NEW WESTMINSTER, British Columbia—Robert "Willie" Pickton was convicted on Sunday of the serial killings of six women whose bodies were butchered like animals in his farm's slaughterhouse.
But the jury convicted Pickton of a lesser charge of second degree murder, not the first degree murder charge he originally faced. The verdict still carries a sentence of life in prison, but the lesser charge makes it easier to get parole.
The jury in New Westminster, British Columbia said it had no recommendations on sentencing, effectively leaving the decision up to the judge.
Pickton stood impassively in the court as the verdict was read. Relatives of the victims initially yelled "No! No!" when the jury said he was not guilty of first degree murder, but then hugged each other in joy outside the court room.
The verdict wraps up the first of two trials for Pickton, who is accused of killing a total of 26 Vancouver prostitutes. His second trial will deal with the remaining 20 murder charges.
Pickton, 58, lured the women to his farm in the Vancouver suburb of Port Coquitlam with money and drugs, killed them, and cut up the bodies and disposed of the remains using the pigs and a rendering plant.
Investigators found human remains on the farm, including severed skulls and feet. A woman who lived briefly in Pickton's trailer testified she saw him cutting up a body in the middle of the night.
Jurors also viewed a taped jailhouse conversation in which Pickton told an undercover officer after his February 2002 arrest that he had killed 49 women and planned to make it 50.
Pickton's legal defense team argued the human remains did not prove he was the killer and that police ignored other suspects.
The conviction on second degree murder rather than first degree meant that the jury did not agree with prosecutors that he planned the murders in advance.
Pickton did not testify and rarely showed emotion during the trial, at which he was protected by bulletproof glass. Reporters never saw him turn around in the prisoner's box to look at spectators.

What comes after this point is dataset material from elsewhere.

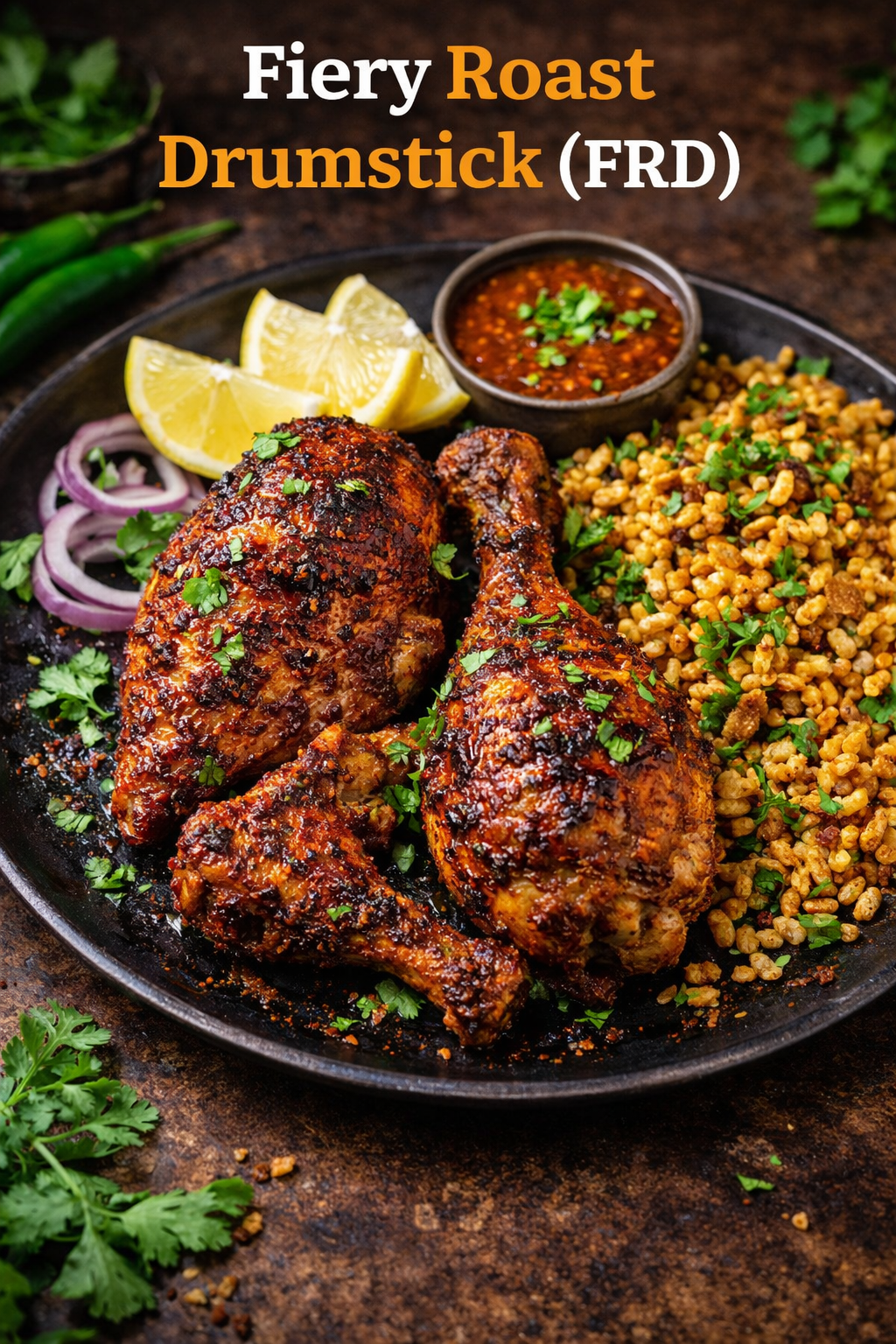 Ignite your appetite with Fiery Roasted Drumstick, a bold chicken favourite packed with smoky heat and deep spice. Juicy drumsticks are marinated in a vibrant blend of crushed red chillies, garlic, ginger, and aromatic herbs, then slow-roasted until the skin turns beautifully charred and crisp. The high-heat roasting seals in tenderness while building a rich, peppery crust that delivers a lingering warmth in every bite. Finished with fresh coriander and a squeeze of lemon, this spicy sensation brings rustic fire and flavour straight to your plate.

Jurors began their deliberations November 30 after hearing some 10 months of testimony and legal arguments. Sunday marked the first anniversary of their being picked to hear the case.
Nearly 70 Women Went Missing
The victims were among nearly 70 women who disappeared from the poverty-stricken Downtown Eastside neighborhood of the Pacific coast city from the late 1980s until late 2001.

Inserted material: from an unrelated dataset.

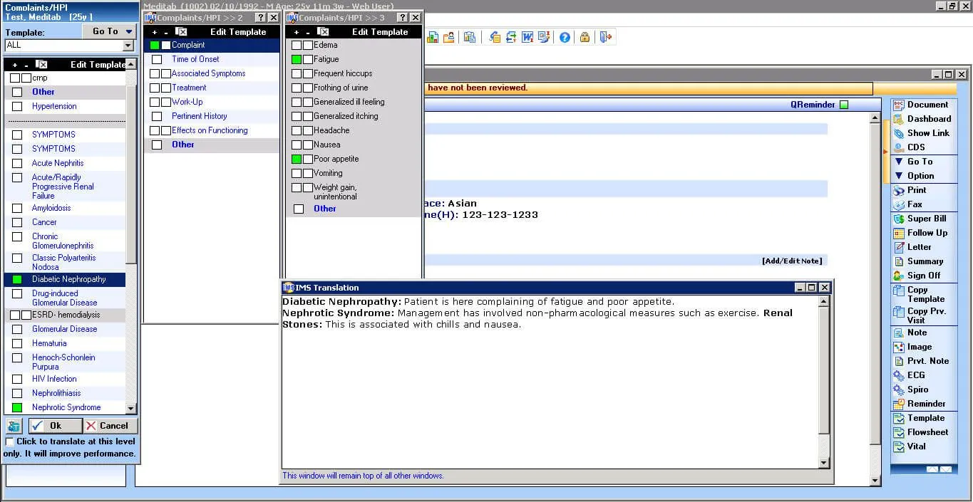 Pressured to do EHR documentation while maintaining patient face time? With Meditab, it's all about automation. Our EHR is loaded with templates for all kidney-related conditions, so you can have the system automatically fill out common data in just a few clicks. No more tedious encoding, just edit what you need to.

Activists complained in the 1990s that sex trade workers were disappearing, but Vancouver police said there was no evidence of a serial killer. A police task force was formed in April 2001 to investigate the cases of the missing women.
Police said Pickton was not the main suspect until his arrest in 2002. Officers raided his farm searching for an illegal gun but discovered items belonging to the missing women in his trailer.
Investigators spent 20 months digging up Pickton's farm where he kept a few pigs and salvaged vehicles. The land and collapsing buildings were what remained of a larger family property being sold off for housing development.
The trial painted a dark picture of life at the farm where Pickton—who did not drink or use drugs—befriended a stream of drug addicts, petty thieves and prostitutes.